Differences and problems; Korea is not a gender equal society

Yet, there seems to be a significant difference between the Me Too movement in Korea and the US. While many famous actresses voiced out to report their experiences and publicly showed support to the movement in the US, the majority of the allegations made in Korea are anonymous. Some say that Korean women are putting less at stake by hiding behind anonymity, and that the movement can be misused to disgrace innocent people. There are already ‘believe-it-or-not’ stories of women threatening their ex-boyfriends or men they're in a hostile relationship with to ‘me-too’ them to the public. However, the truth behind so many Korean women choosing to wear the mask of anonymity to tell their stories is due to the presence of factual defamation and the secondary victimization by the public and the press. 

Factual defamation is a type of criminal offense where a person can be prosecuted for openly telling something about someone, although it is true. However, Korea still chooses to keep its factual defamation law, along with Myanmar, Kenya, and Indonesia, despite the advice from the United Nations Human Rights Committee to abolish the regulation in 2015. However, the Constitutional Court ruled factual defamation to be constitutional in the following year.

It can be tough for victims of sexual violence to officially report the case to the police.
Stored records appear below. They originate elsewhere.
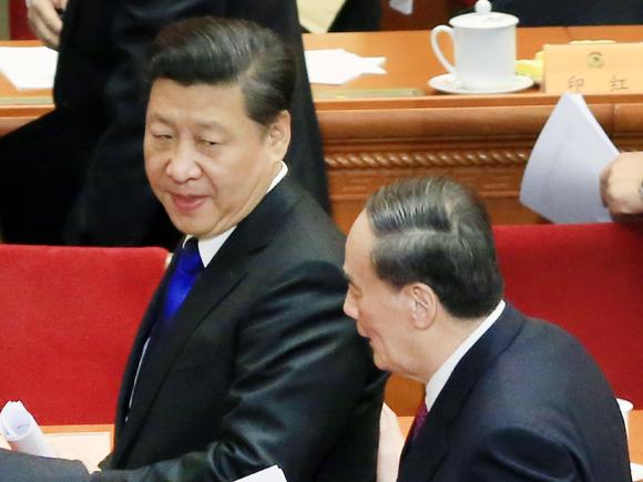 Chủ tịch Trung Quốc Tập Cận Bình trao đổi với ông Vương Kỳ Sơn - người đứng đầu Ủy ban Kiểm tra Kỷ luật Trung ương Đảng Cộng sản Trung Quốc sau lễ khai mạc cuộc họp thường niên của Hội nghị Hiệp thương chính trị Nhân dân Trung Quốc gọi tắt là Chính hiệp ngày 3.3.
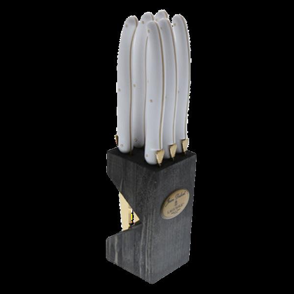 Elevate your entertaining with Jean Dubost’s heavy gauge flatware in elegant Ivory with Brass accents. This stunning collection includes a 20-piece flatware set, a two-piece cheese set, and six steak knives, all in a gorgeous wooden box. Perfect for those who love to entertain with flair, this collection combines functionality with timeless beauty. Impress your guests with Jean Dubost.
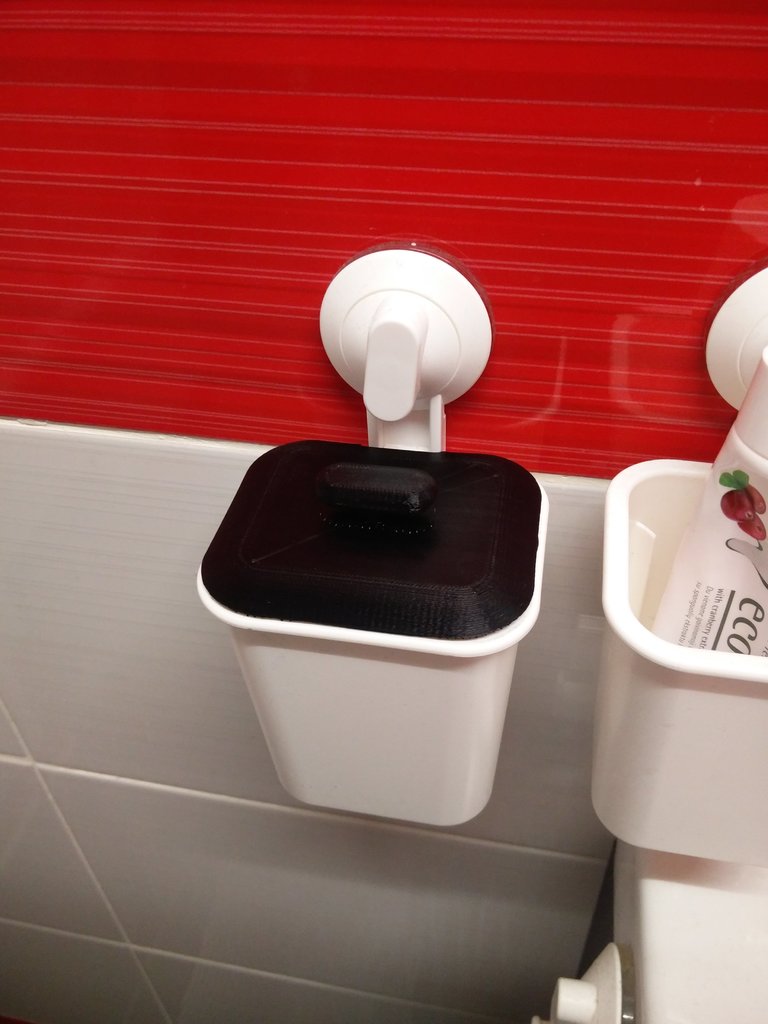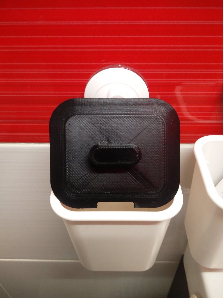 Ein einfacher Deckel für einen Zahnbürstenbehälter aus der Stugvik-Serie von IKEA, der als kleiner Abfallbehälter gestaltet ist. Der Deckel ist mit einem Griff ausgestattet, der zum Rest der Stugvik-Reihe passt. Alles, was Sie tun müssen, ist, eine kleine Plastiktüte in den Behälter zu legen und schon haben Sie einen kompakten Abfallbehälter, perfekt für das Badezimmer.
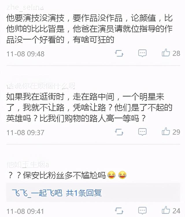 对于这件事情,网友也有不同看法。有人表示商场人流量特别大,品牌方和商场怕引起安全事故,所以安排的保安,并非本人所为,怪不到本人头上。
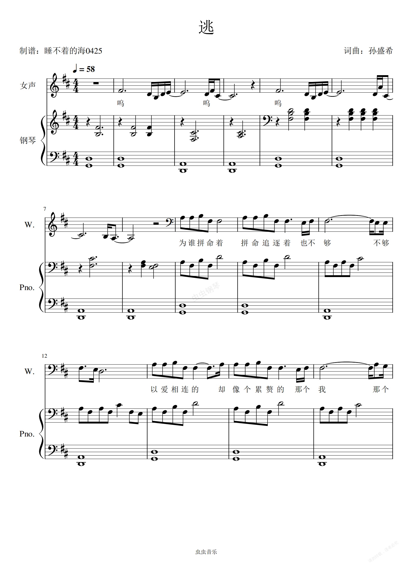 钢琴谱:逃 《想见你》插曲 弹唱谱
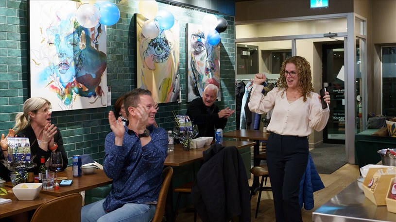 « C’est vraiment une belle expérience, je suis très contente », a-t-elle confié lors de sa soirée électorale au Café du Mille-Lieux. « J’étais confiante, ça allait bien sur le terrain! »
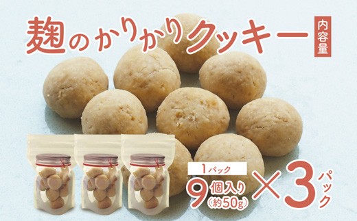 容量 | 麹のかりかりクッキー9個入り×3パック(約50g/1パック) ▼原材料 米粉・バター・てんさい糖・甘酒・米麹・加糖練乳(生乳、ショ糖)・塩 |
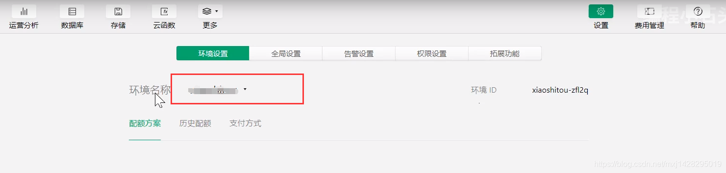 1.点击云开发,找到设置,复制环境名称(注意:第一次创建云开发环境最好选择按量付费)

That is due to the unique social atmosphere of Korea.



Another reason is that there is an uncomfortable culture in Korea where the victim of sexual violence is often accused of being a gold digger or being the cause of the incident. Women luring men with the promise of sex and then threatening to report them to the police unless a settlement is paid is a scam called ‘flower-snakes (ggot-baem)’ in Korea. While only 0.05% of the total sexual violence cases turn out to be scams, it is often questioned whether the accusers are ‘real victims,' especially when the accused is a famous figure. The public's doubt and the press's articles written in an offender-friendly tone inflict secondary harm to the victims. 

In short, women in Korean society are already putting a lot at stake just by openly sharing their experiences. They could be prosecuted for hurting the offender’s reputation, be portrayed as a flower snake by the public, lose their job, or be counter-sued for calumny. Famous figures would have to put their entire career, as well as future opportunities, on the line to publicly support or participate in the Me Too movement. The fact that the participants of the movement are considered brave and the fact that women have to put their career at risk to tell the truth, shows how much is left for Korean society to improve to achieve equality.